= Exercise instructions =
Your answer must be the full listing, reproduced exactly, minus any pictures.

= Recorded data =
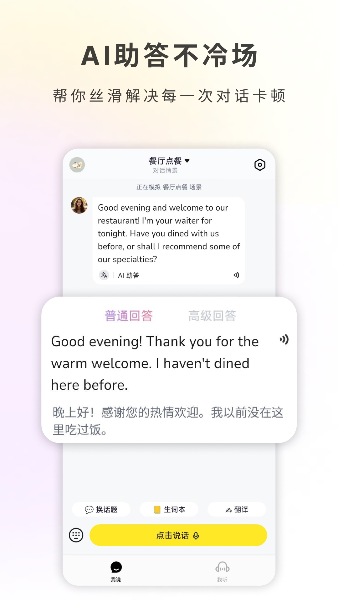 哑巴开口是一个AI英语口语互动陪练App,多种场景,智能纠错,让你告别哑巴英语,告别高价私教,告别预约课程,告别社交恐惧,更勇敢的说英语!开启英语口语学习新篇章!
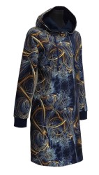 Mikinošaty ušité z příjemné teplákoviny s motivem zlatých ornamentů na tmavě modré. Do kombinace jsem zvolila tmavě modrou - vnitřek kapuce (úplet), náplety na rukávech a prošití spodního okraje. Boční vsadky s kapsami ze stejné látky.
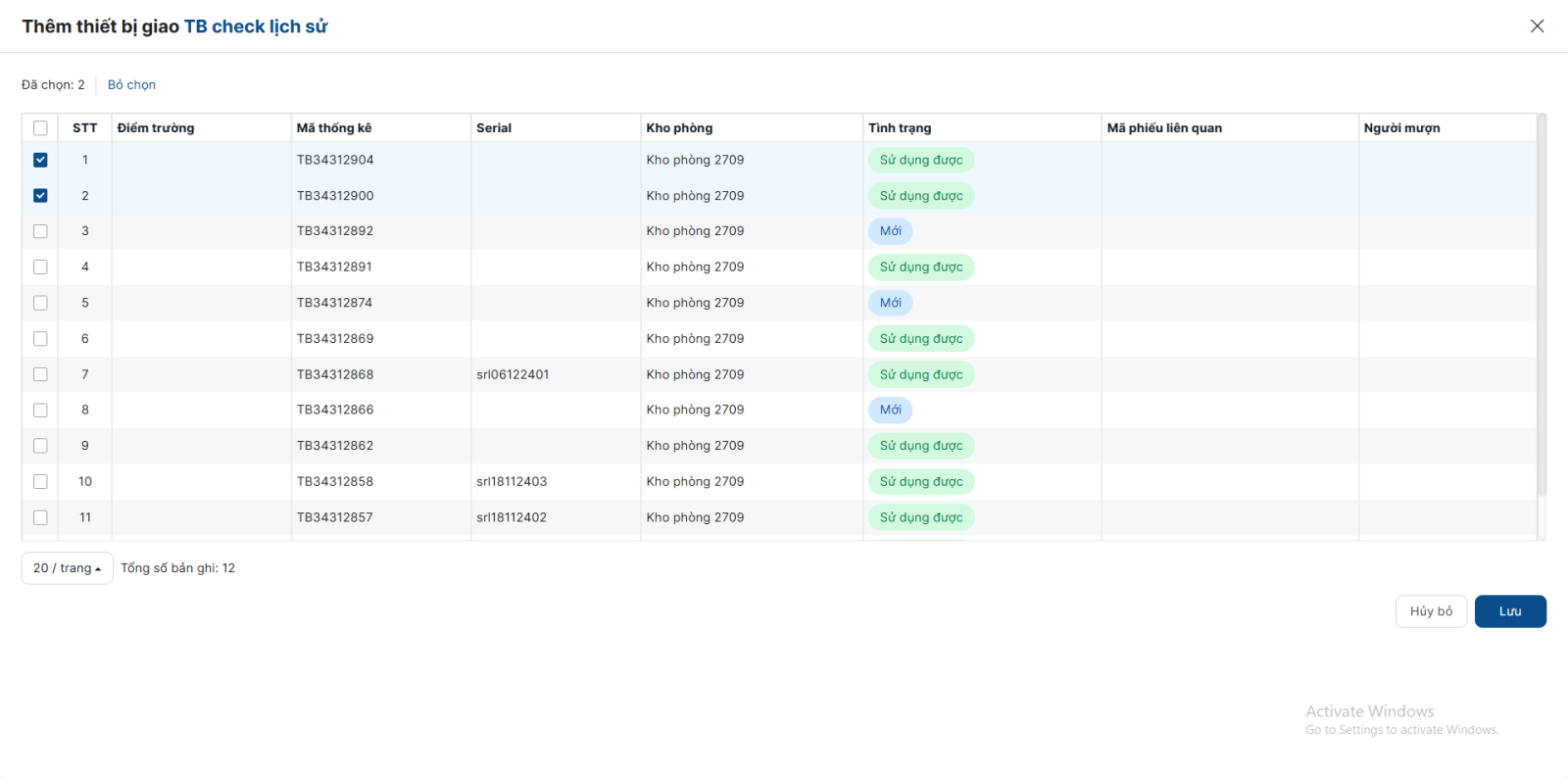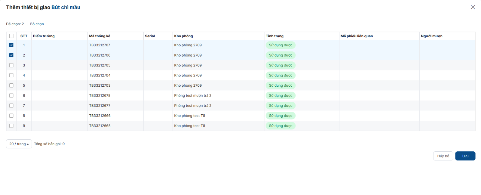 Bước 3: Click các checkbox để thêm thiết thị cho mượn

= Final answer =
 哑巴开口是一个AI英语口语互动陪练App,多种场景,智能纠错,让你告别哑巴英语,告别高价私教,告别预约课程,告别社交恐惧,更勇敢的说英语!开启英语口语学习新篇章!
 Mikinošaty ušité z příjemné teplákoviny s motivem zlatých ornamentů na tmavě modré. Do kombinace jsem zvolila tmavě modrou - vnitřek kapuce (úplet), náplety na rukávech a prošití spodního okraje. Boční vsadky s kapsami ze stejné látky.
 Bước 3: Click các checkbox để thêm thiết thị cho mượn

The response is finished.